Answer
(a) $$U=-\dfrac{GmM}{\sqrt{x^2+a^2}}.$$
(b) see work step by step
(c)$$F_x=\dfrac{-GmMx}{(x^2+a^2)^{3/2}}$$
(d) see work step by step
(e) If $x=0$ then $U=-\dfrac{GMm}{a}$ and $F_x=0$.
Work Step by Step
First of all, we have to find the potential due to a small segment of the ring and then integrate over the entire ring to find total U. Let's divide the ring up into small segments $dM$ (see picture).
(a) the gravitational potential energy of $dM$ and $m$ is
$$dU=-\dfrac{GmdM}{r}$$
and the total gravitational potential energy is
$$U=\int dU=-Gm\int \dfrac{dM}{r}.$$
We know that $r=\sqrt{x^2+a^2}$ is the same for all segments.
$$U=-\dfrac{Gm}{\sqrt{x^2+a^2}}\int dM=-\dfrac{GmM}{\sqrt{x^2+a^2}}.$$
(b) If $x \gg a$ then $\sqrt{x^2+a^2}=x$ amd $U=-\dfrac{GmM}{x}$.
As expected, this is the gravitational potential energy of two point masses separated by a distance $x$.
(c) Let's use $F_x=-\dfrac{dU}{dx}$
$$F_x=-\dfrac{d}{dx}\left(\dfrac{-GmM}{\sqrt{x^2+a^2}}\right)$$
$$F_x=GmM\dfrac{d}{dx}(x^2+a^2)^{-1/2}=GmM\left(-\dfrac{1}{2}(2x)(x^2+a^2)^{-3/2}\right)=\dfrac{-GmMx}{(x^2+a^2)^{3/2}}$$
The minus sign means the force is attractive.

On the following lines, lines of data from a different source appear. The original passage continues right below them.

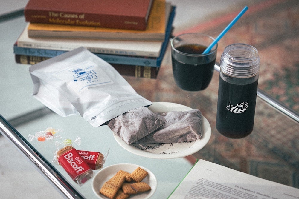 1袋に水出しコーヒーバッグ5個が入ったパックと《サーモマグ》別注のクリアボトル「オールデイ ライト」がセットに。水出しコーヒーバッグは1個あたりで750ml分のコーヒーが作れます。《サーモマグ》のクリアボトルにはホワイトカラーのファージーがプリントされていて、コーヒーを注ぐとぷかぷかとお目見えする仕様に。420mlと使いやすい容量ながら軽いのでお出かけにも持って行きたい!
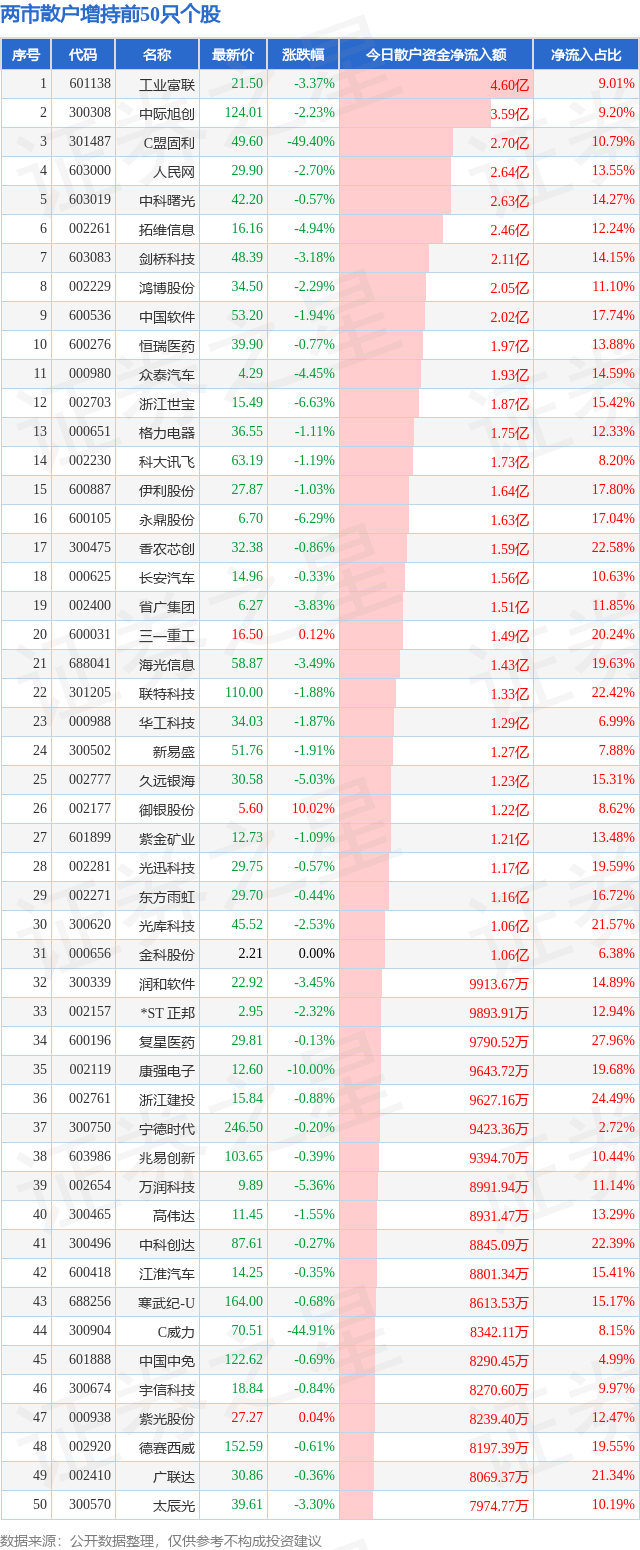 今天的市况大概如此,那么又有哪些公司受散户追捧呢?请看下表:
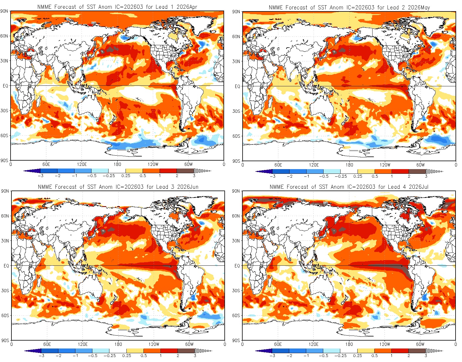 Os mapas abaixo mostram a projeção de anomalia de temperatura da superfície do mar para os meses de abril, maio, junho e julho, conforme os dados do modelo NMME (North American Multi-Model Ensemble) da NOAA.
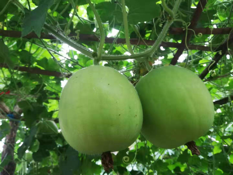 【香芋冬瓜】迷你小冬瓜/食用小冬瓜种子包装:种子袋包装简介:香芋冬瓜/迷你小冬瓜皮色青绿美观,个体适中,营养价值较高,口感好,肉厚清甜,有一股香芋的味道,耐贮藏,市场上售价比常规空心冬瓜高出几倍甚至十几倍,适合做冬瓜炖盅,是酒楼、餐厅等高档饮食场所的必备菜肴。用途:商业种植生产香芋冬瓜在台湾的报道: 一般冬瓜都是长在地上,但台南佳里镇却有种冬瓜不但长在树上,还会散发出淡淡的芋头香味,它的大小像是瓠瓜,浅绿色的表皮光滑细致,瓜肉吃起来更是鲜甜还带芋头香,不论是煮汤或生吃都很美味。 冬瓜原本的家是长在地上的泥土里,可是现在冬瓜搬新家了,从平房改住大楼,从地上改住树上,走进这座冬瓜树园,每颗结实饱满的冬瓜居然都高挂在树枝上,一颗颗好像拳击手的沙包一样,这是台南佳里镇的新品种芋香冬瓜,种苗研究专家把这种芋香冬瓜的种子交给农民培育,没想到两个月的时间,结合芋头的冬瓜就可以收成了。 剖开一看,芋头冬瓜肉白细透亮,烹煮时间比一般冬瓜还要短,只要水滚後煮个五分钟,就可以煮透,方便又好吃,一般的冬瓜因为重量重,都长在地上,但新品种冬瓜直接长在树上、收成很方便,而且浅绿色的表皮光滑细致,瓜肉吃起来还带有淡淡的芋头香,成了冬瓜界的明日之星
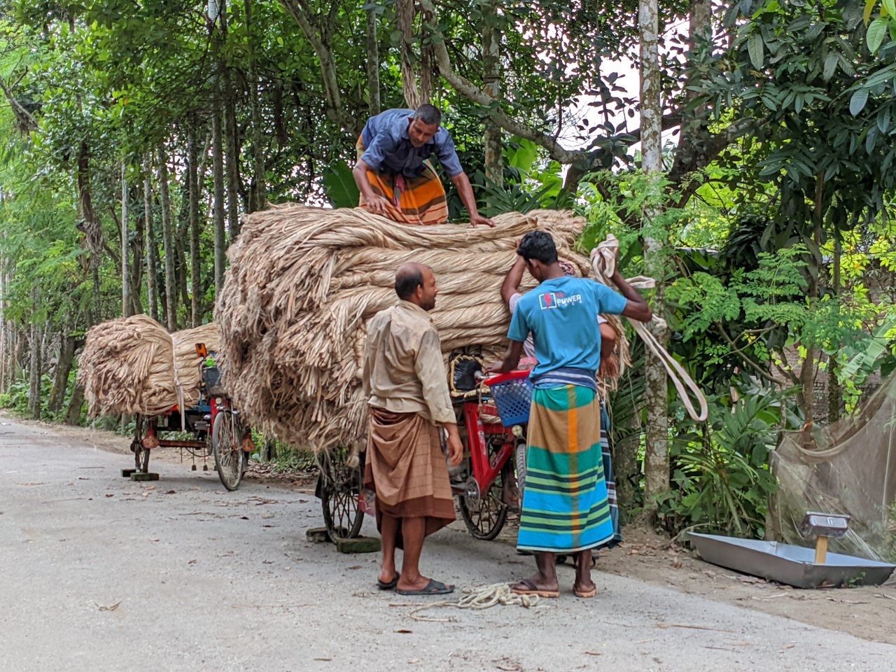 At this moment, a van came on the road with the jutes and saw them being arranged. I took a photograph of it. Then, I left the house to go to the salon for a haircut. I waited for a while, got on an easy bike, and then headed towards the market.

(d) if $x\gg a$ then $(x^2+a^2)^{3/2}=(x^2)^{3/2}=x^3$
and
$$F_x=-\dfrac{GmMx}{x^3}=-\dfrac{GmM}{x^2}$$
This is the force between two point masses separated by a distance x.

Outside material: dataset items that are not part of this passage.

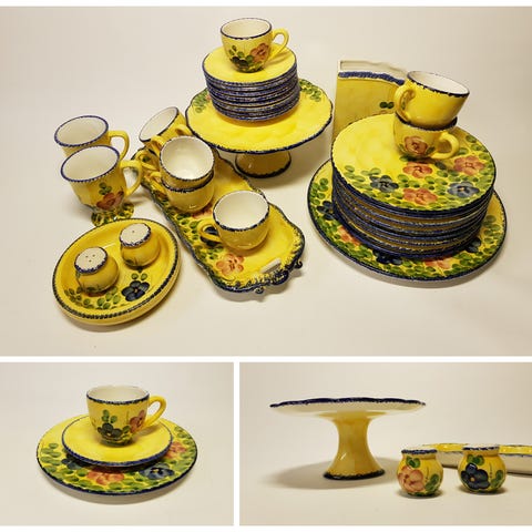 Nydelig servise i keramikk, produsert i Portugal. Et stort serveringsfat, 3 asjetter, 3 kaffekopper med 3 tefat samt 2 krus. Av merket Elpa Alcobaca. Sterke klare farger i gult, rødt, blått og grønt. I god stand. som ny. Ingen skår eller krakkeleringer. Mål: fatet 30 cm i diameter. Asjettene 22 cm i diameter. Kan selges noe enkeltvis. Pris: stort fat 210 kr, asjettene 110 kr pr stk, kaffekoppene med tefat 130 kr pr stk, ( 2 deler) krusene 90 kr pr. stk. Kan møtes i Trondheim sentrum eller sendes, godt innpakket, mot dekning av porto. Norgespakke med sporing og forsikring.
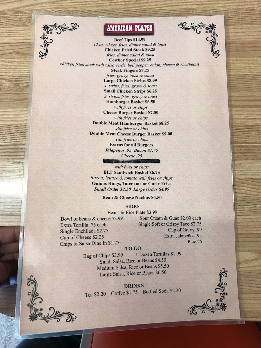 Overall, Rico’s Cafe offers a simple, comforting menu that leans into hearty, no-frills favorites. The American plates like Beef Tips, Chicken Fried Steak, Cowboy Special Steak Fingers, and Large Chicken Strips highlight classic, satisfying options that feel homemade and filling. The sides, including the Beans & Rice Plate, Bowl Of Beans & Cheese, Extra Tortilla, Single Enchilada, and Cup Of Cheese, round out the meal with traditional, flavorful accompaniments. For those grabbing food on the go, choices such as 1 Dozen Tortillas, Small Salsa, Medium Salsa, Large Salsa, Rice Or Beans, and a Bag Of Chips make it easy to take a taste of the cafe home. Lighter bites like the Blt Sandwich Basket and Bean & Cheese Nachos add variety, while simple drink options like Tea, Coffee, and Bottled Soda keep things straightforward. Altogether, the menu feels approachable and comforting, focusing on well-loved dishes rather than an extensive or complex selection.
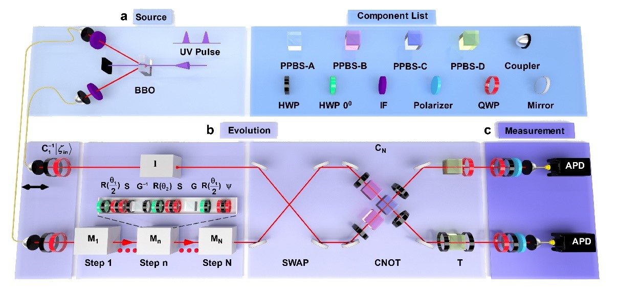 作用于四個貝爾態可以得到易于精確制備的輸入態,研究人員便通過半波片和四分之一波片來直接實現,然后將它們送入多步演化模塊中。
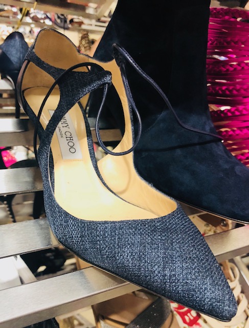 Upstairs in the shoe department, a lot of the best style shoes are selling out. We saw these Fendi pearl flats in a few sizes reduced to $472 from $900. Here they are in a heel or a sock-boot. These Gucci espadrilles are under $280 from $630. These Jimmy Choo cork wedge sandals are a steal for $200 from $450 and Manolo Hangisi Berk-style sandals are $500 from $1100. You can see pictures from inside the Saks shoe sale over here but we think that the online selection and prices might even be better than what we found at the store.
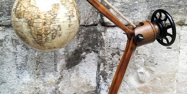 Les vacances, le soleil( bon, pas aujourd’hui), l’envie de voyage et nous voilà en train de créer la lampe du Capitaine. Les bielettes de pédalier de machine à coudre, en bois, patinées par le temps( elles datent de 1884) nous ont fait penser aux boiseries d’un bâteau.
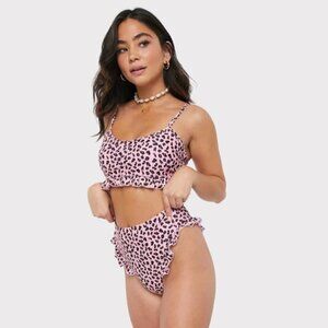 NWT Brave Soul pink leopard print frill detail cami bikini top and high waist bikini bottom
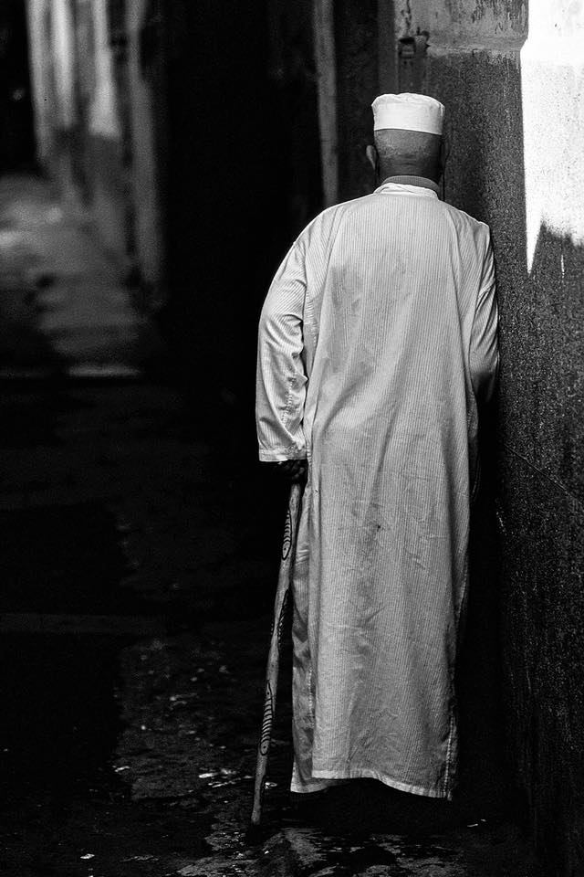 All’imbrunire le strette vie della città di Essauira in Marocco si erano spopolate. Il fotografo andava a caccia di soggetti per qualche scatto in quella penombra che era invitante, ma non c’era nessuno. Improvvisamente vide incedere lentamente davanti a sé un anziano, indossava una tunica bianca, sulla testa lo jebba, tipico copricapo locale, appoggiava la mano sinistra ad un bastone rustico intarsiato con figure di pesci e col braccio destro cercava sostegno sul muro. Sembrava stanco, o forse non aveva forze sufficienti.Il fotografo fu colpito dal contrasto dei colori, tunica e jebba bianchi contro gli scuri muri della via immersi nella penombra. Decise di effettuare prima lo scatto per non farsi sfuggire quella combinazione così insolita e poi si avvicinò all’anziano per aiutarlo a raggiungere la sua abitazione.
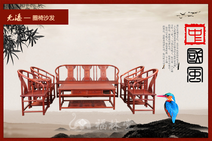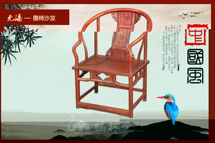 圈椅,因椅圈恰似羅圈,民間又稱“羅圈椅”或“圓椅”,圈椅的造型上圓下方,外圓內(nèi)方,這暗和了中國傳統(tǒng)文化中的乾坤之說,乾為天為圓,坤為地為方,而外圓內(nèi)方則是中國傳統(tǒng)文化中所崇尚的一種品德,雖在處事上有所圓滑但卻內(nèi)在有所堅(jiān)持。它最明顯的特征則是在圈背上連結(jié)著扶手,從高到低一順而下,座靠時可使人的臂膀都倚著圈形的扶手,感到十分舒適,頗受人們喜愛!
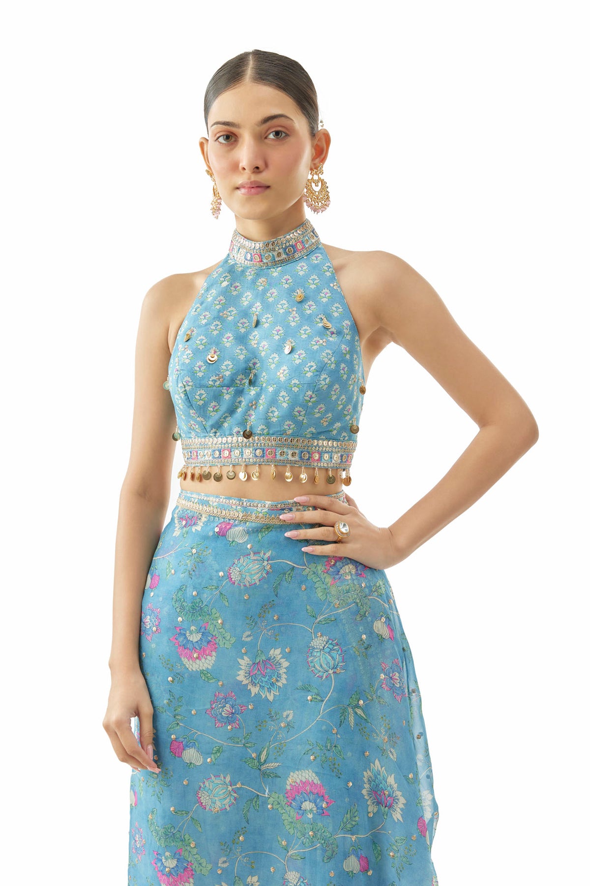 The saree features a pre-pleated silhouette with a voluminous flair and a stunning mirror and sequin embroidered border that adds a festive sparkle. Paired with a high-neck halter blouse intricately embellished with mirror work and delicate detailing, the look is sophisticated, modern, and ready to wear.
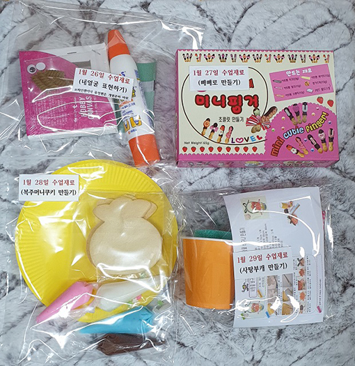 ‘방학이다! 도서관 가자!’는 초등학생 1~6학년을 대상으로 1월26일~2월4일 총 2주 동안 운영되고, ▲리딩푸드놀이 ▲영어그림책놀이 ▲코로나 탈출 전래놀이 ▲자신감UP! 스피치 놀이 등 총 4개 강좌로 구성됐다. 프로그램 운영을 위해 제공한 꾸러미와 다양한 체험활동을 통해 방학 중 집 안에 갇힌 학생들을 위로하고 코로나 블루 극복에 도움이 될 것으로 보인다.

(e) If $x=0$ then $U=-\dfrac{GMm}{a}$ and $F_x=0$. It's obvious, because each small segment of the ring is the same distance from the center and the potential is the same as that due to a point charge of mass $M$ located at a distance $a$. As for force, when the particle is at the center of the ring, symmetrically placed segments of the ring exert equal and opposite forces and the total $F_x$ exerted by the ring is 0.